Monday, September 06, 2010

Westminster Shorter Catechism, Question 89

This, as well as the previous post, is something I posted on Facebook. I have been posting the questions and answers from the Westminster Shorter Catechism on a regular basis, and occasionally offering some commentary on them, which is what you see here. Whether or not I write commentary on any of the other questions is yet to be seen, though I imagine I will.


Q. 89. How is the Word made effectual to salvation?

A. The Spirit of God maketh the reading, but especially the preaching,
of the Word, an effectual means of convincing and converting sinners,
and of building them up in holiness and comfort, through faith, unto

The pastors and theologians at the Westminster Assembly, who composed the Catechism, had a very different view of the Word of God than we tend to have today. With the Church havin...g recently come out of a time in history in which the preaching of the Word was left out of the corporate worship service entirely, they understood how central preaching is to the life of the Church, and how necessary it is for the spiritual nourishment of believers. In the late middle ages, the Latin Mass was the form of worship of the Church in Europe. Latin had long been a language no longer spoken by the common people, and so worshipers who bothered to attend Mass never understood a word spoken by the priests in worship. The common Christian was left to obey the rules of the Church, whether Biblical or unbiblical, with no way of examining Scripture to see if those rules were of God, and with no way of actually learning what Scripture has to say on any matter. In addition, literacy rates with regard to the common language were low. Most people were common laborers, with no need to read, it was thought, and certainly no ability to do so. The Church told people what to believe, and any questioning of the Church was held in the same regard as questioning God Himself.

So when the Reformation of the Church began, a great emphasis on education, as well as a reformation of the corporate worship service, began to take hold. Along with the Reformation came a push toward educating the laity, especially the fathers, that they might be able to instruct their own families in the word of God. The corporate worship service ceased to be carried out in Latin, and was carried out in the local language, so that all could understand and learn, worshiping God with their own minds as well as their lips.
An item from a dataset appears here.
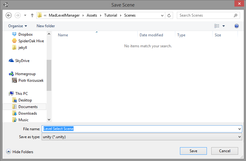 …in new Tutorial/Scenes directory as Level Select Scene.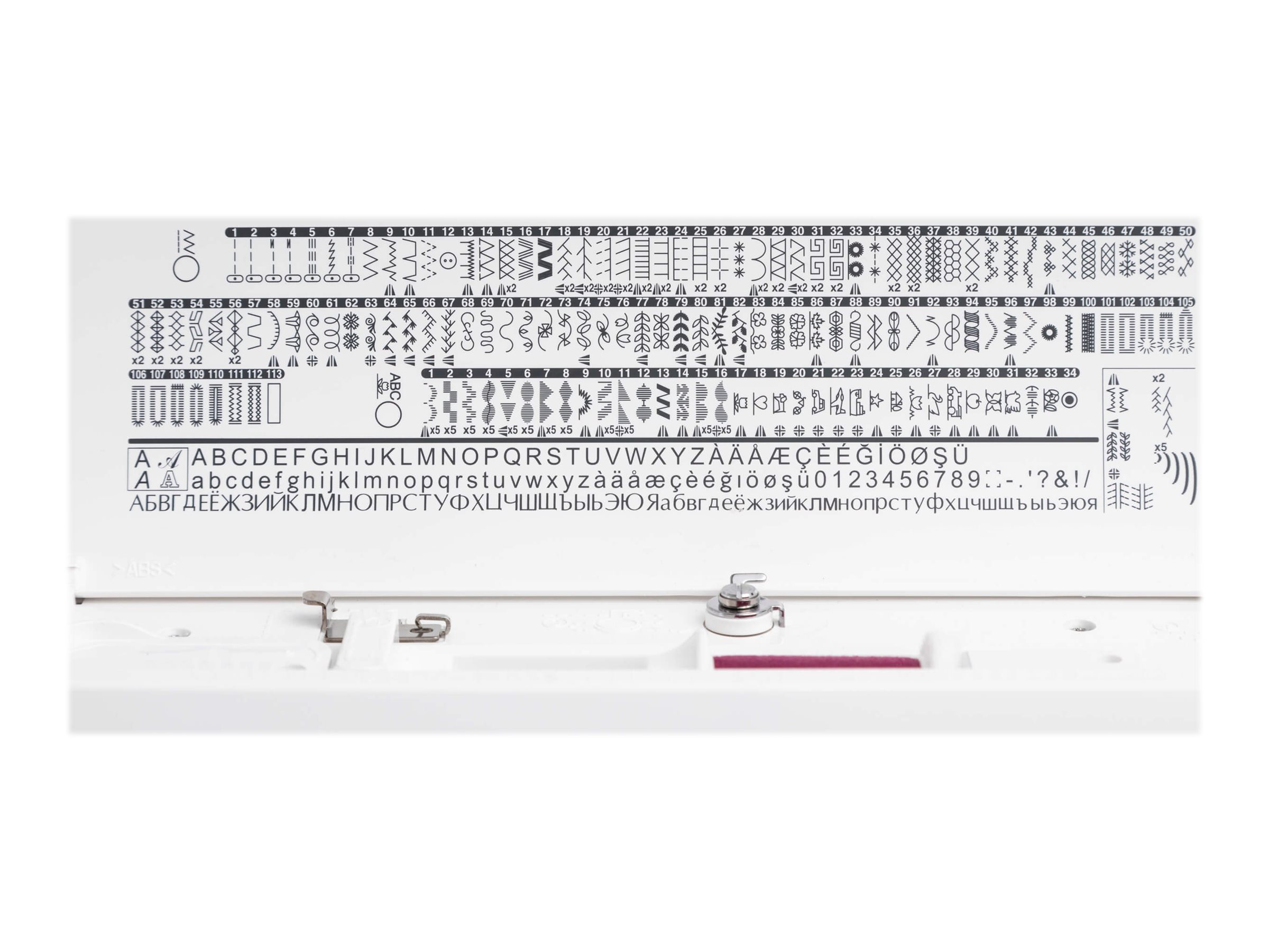 | Funktioner | Hastighedskontrol, automatisk afbinding, elektronisk dobbeltnålekontrol, automatisk spænding, spejlbilledefunktion, sømlængdevælger, pressefodsensor, programmerbar nål op/ned, trådskærer, syningshukommelsesfunktion, stingbreddevælger, indbyggede 5 alfabeter |

(As a brief aside, let me make an important modern application. Contrary to what some professing believers think today, knowledge is not contrary to true faith. The anti-intellectualism of Revivalism and Fundamentalism is an enemy of Biblical Christianity, and has more in common with late medieval Romanism than with Protestant Christianity.)

Yet to the modern Christian today, this might all seem strange. Why the need for preaching then? We live in a time in which the majority of the population can read for themselves. Can I not read and understand the Bible for myself? Why do I need some preacher telling me what it says?

But contrary to the apparent wisdom of this response, our time does not provide as good an argument against preaching as it might seem. While most can read, it is still true that not all can. Today we see the government schools graduating students who can't read at all. And of those who can read, we see a decrease of comprehension when reading a text. Reading has become a pragmatic activity. We seek to do as little work as possible, for the purpose of gaining as little as it takes to get by in life.

In addition, in our time we are especially lacking when it comes to a proper understanding of legitimate authority. We consider it liberating to not need others telling us what to believe. Yet this is also counter to the teaching of Scripture. From the beginning of the New Testament Church, there have been God ordained teachers, set apart to communicate God's Word to those who would hear. Even Christ Himself set apart the first ministers of the Church, the twelve Apostles, and the Church ever since has done the same, based upon the example of Christ. The ministers of the Church are to be especially educated for the purpose of teaching the laity the Word of God. These ministers are not infallible, or above being questioned. And yet, based on their gifting, education, and calling of God through the Church, they are to be regarded with respect. Once having fulfilled the Church's requirements for ministry, and having been lawfully called by the Church, their call is to be considered of God, and their authority to be from Him. And because they are believed to be called by God, when they preach the Word of God, their words are held to be the Word of God itself, insofar as it conforms to the actual teaching of Scripture.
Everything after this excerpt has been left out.